# HAuNTcon 2010



## Spookineer

Anyone else going? http://hauntcon.com/


----------



## Evil Andrew

I'm Going - just booked my room at the Ramada


----------



## asterix0

I registered today.


----------



## operatingnurse

Could anyone tell me how this compares with Transworld or Midwest Haunter's Convention?


----------



## The Watcher

Me and Mama will be there.


----------



## Hauntiholik

operatingnurse said:


> Could anyone tell me how this compares with Transworld or Midwest Haunter's Convention?


Hauntcon : 


> Designed by Haunters, for Haunters of every age and level of experience, HAuNTcon brings people together who love Haunted Houses and Halloween for a fun filled three days and nights of Haunter Education, Tours of Local Haunted Houses, a packed Tradeshow Floor, Hearse Show and an incredible Costume Ball!

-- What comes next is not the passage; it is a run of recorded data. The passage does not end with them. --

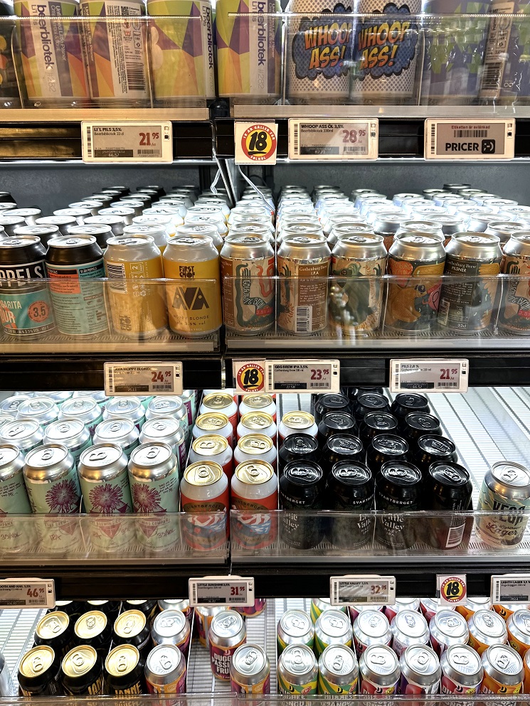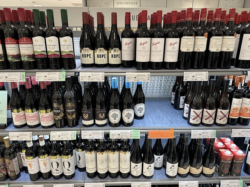 Once I got situated at the hotel, my next trip was a traditional walk to the supermarket. For the absolute majority of trips, this is my standard routine – I generally prefer to drink sparkling water in the room, and this is the easiest way to get it (not even the question of least expensive – in many cases, hotels simply can’t supply bottled sparkling water). I’m also always eager to see the wine shelves at the supermarket, to see what is there and at what price. In Sweden, however, it is a bit tricky – alcohol sales are a government monopoly – Systembolaget is the chain of stores that can sell alcohol and liquor in Sweden, and of course, they control the prices and the selection.
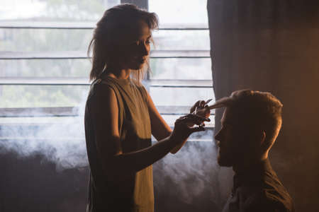 Female hairdresser cutting modern hipster hair. Hairdressing salon in dark place, stylish young male in focus on foreground, spooky atmosphere with white smoke
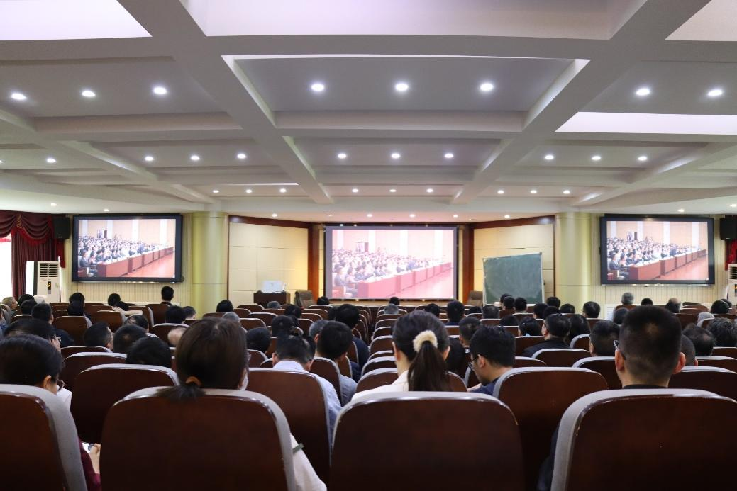 为深入学习贯彻习近平新时代中国特色社会主义思想和党的二十大精神,提升党员党性修养,抓实党纪学习教育,4月21日下午,beat365英国官方网站党委面向全体师生党员开展集中培训学习,beat365官网1566名师生党员分别在4个分会场及线上共上一堂课。中央党校(国家行政学院)校(院)务委员会委员、办公厅主任张忠军教授应邀做专题报告。
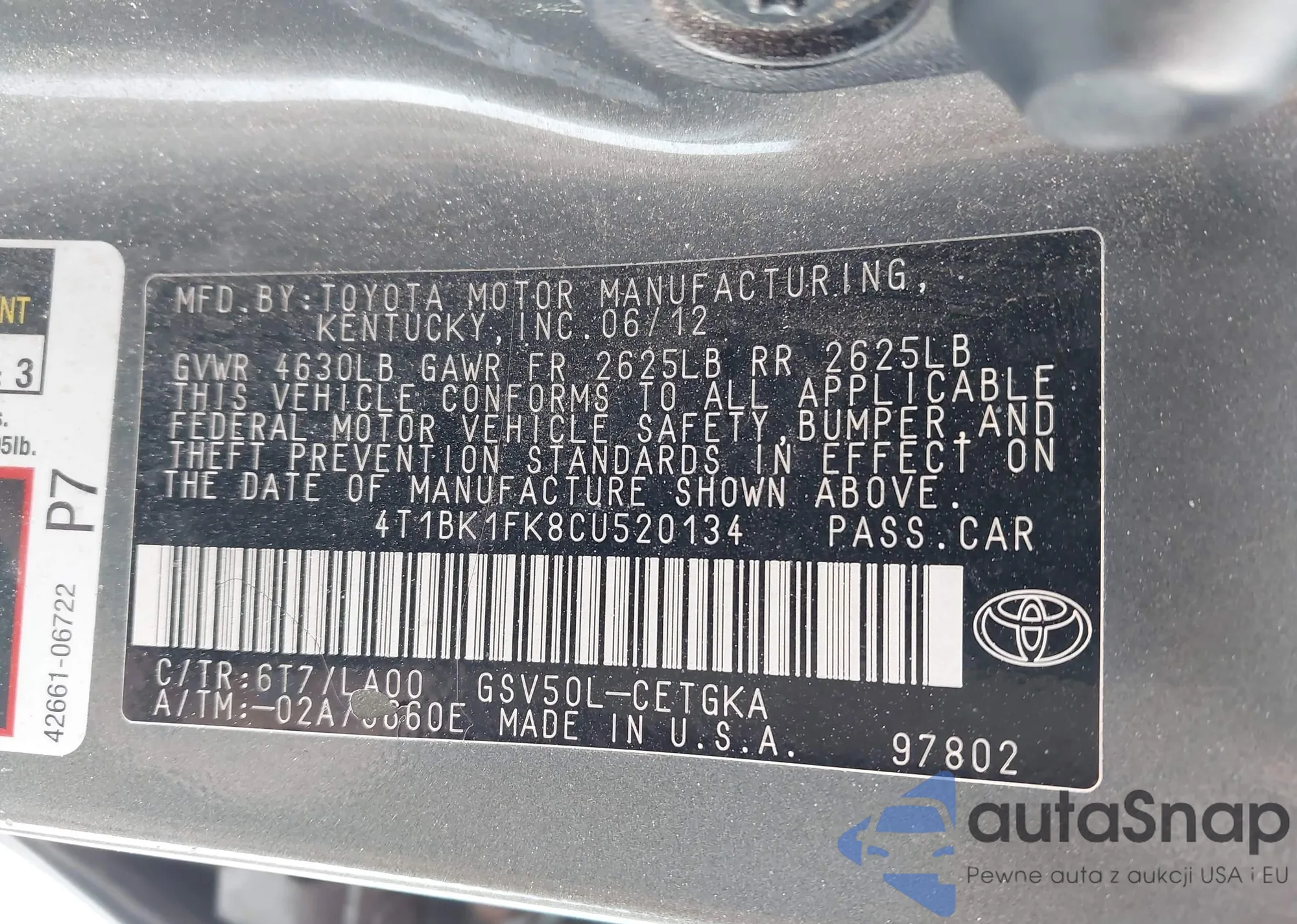 VIN: 4T1BK1FK8CU520134
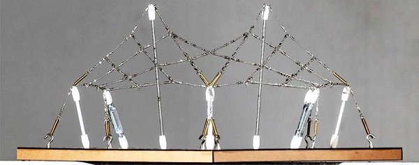 Os modelos físicos compostos por correntes e pesos eram adequados para simular as condições das estruturas em arco e casca, em geral, constituídas por concreto ou pedras. No entanto, tais modelos não conseguiam mensurar os efeitos do tensionamento das estruturas retesadas.
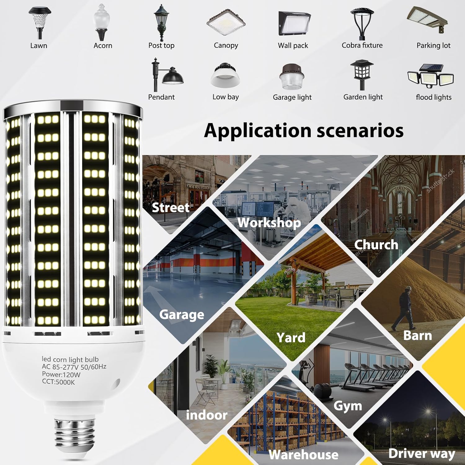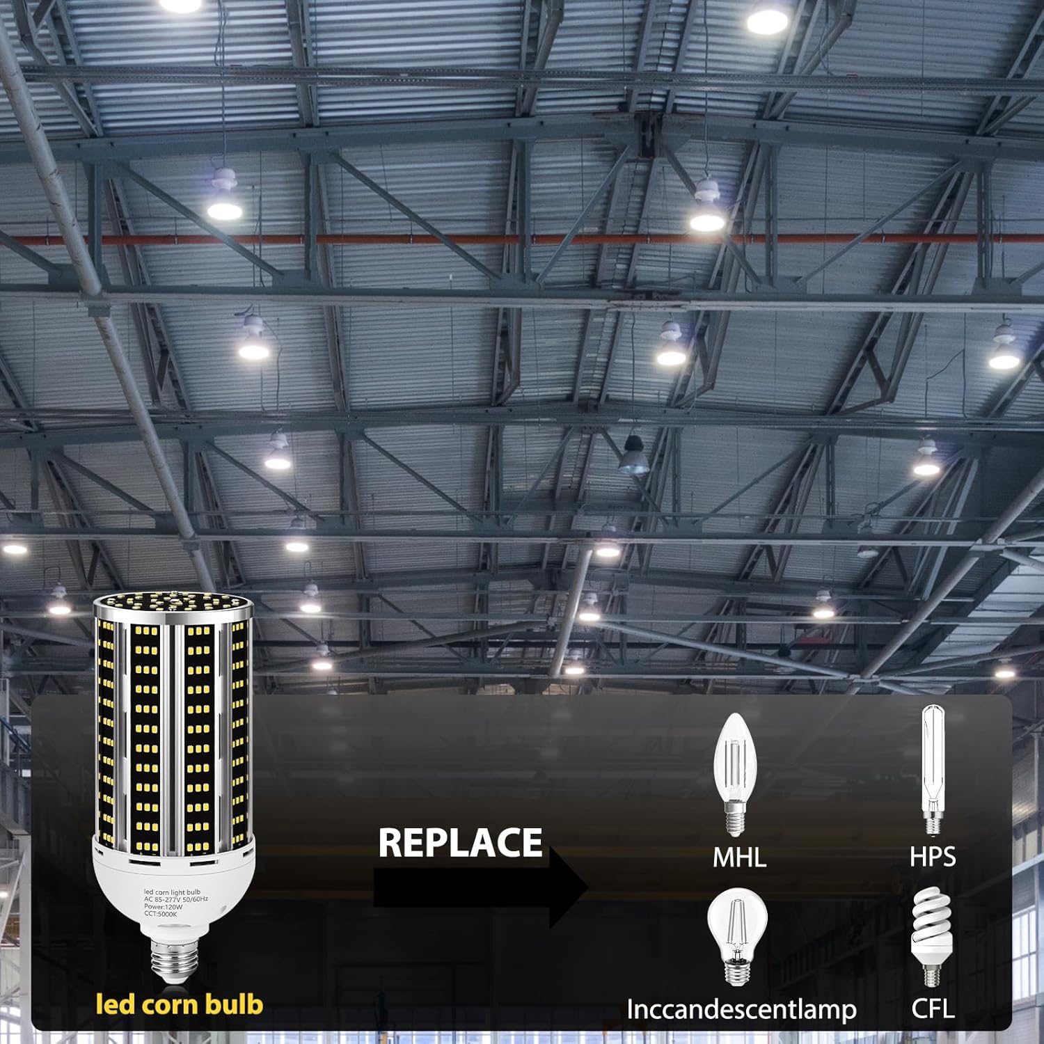 YANYCN Led Corn Light Bulb:1. High quality LED chips,heat control system and cooling structure design, lead to longer usage lifespan: Over 55,000 hours;2. 85+ CRI(Color Rendering Index) make colors appear as they really are. See all color the way they are supposed to be seen3. 85-277v US Stantard Power,Overheating of LED driver is the main cause lead to light failure. our strong isolated LED driver ensure the stability and long lifespan4. Strong aluminum heat sink protected. 360° beam angle lighting more bright,Fanless design, fast heating dissipation. No worries for application within both wild open or totally enclosed luminaries5. High quality LED chip create a stunning 15900 lumens brightness output,bright as a small sunApplications Scenes:Fit both US regular and large mogul screw-in base fixtures,widely used at home,garage,basement,storehouse,driveway,supermarket,office,gas station,warehouse,barn,yard,supermarket,facotry,parking lots,school,hospital,street light,showroom,gym wherever needs sufficient lightingSpecifications(single):* Luminous power: 120W;* Color: 5000K/DayLight;* Input Voltage: AC 85v-277v / 50-60Hz;* Lumen Efficacy: 150LM/W* Socket: E26/E39* Beam Angle: 360 degrees;* Material: Aluminum + PC;* Working environment:-4~+113℉;Attention:Switch off the power before replacing the bulbBypass the ballast for MHL/HID/HPS replacementThis bulb is non waterproofThis bulb is non-dimmableDo not stare at the light when it is workingPACKAGE :-2PCS x 120W LED Corn Light BulbThank you

TransWorld's Annual Halloween & Attractions Show :


> The Annual Halloween & Attractions Show continues its tradition of creating a unique business environment designed to allow buyers to meet face-to-face with exhibitors. Our exhibitors bring all the newest products and classic designs, providing buyers with a one-stop shopping experience. With thousands of products in hundreds of categories, buyers will find everything they need to stock their businesses and make their time at the show a success.


TransWorld's International Halloween, Costume & Party Show : 
http://hcpshow.com/
Another show that features costumes and party stuff. It used to be part of the Halloween & Attractions Show but it split off last year.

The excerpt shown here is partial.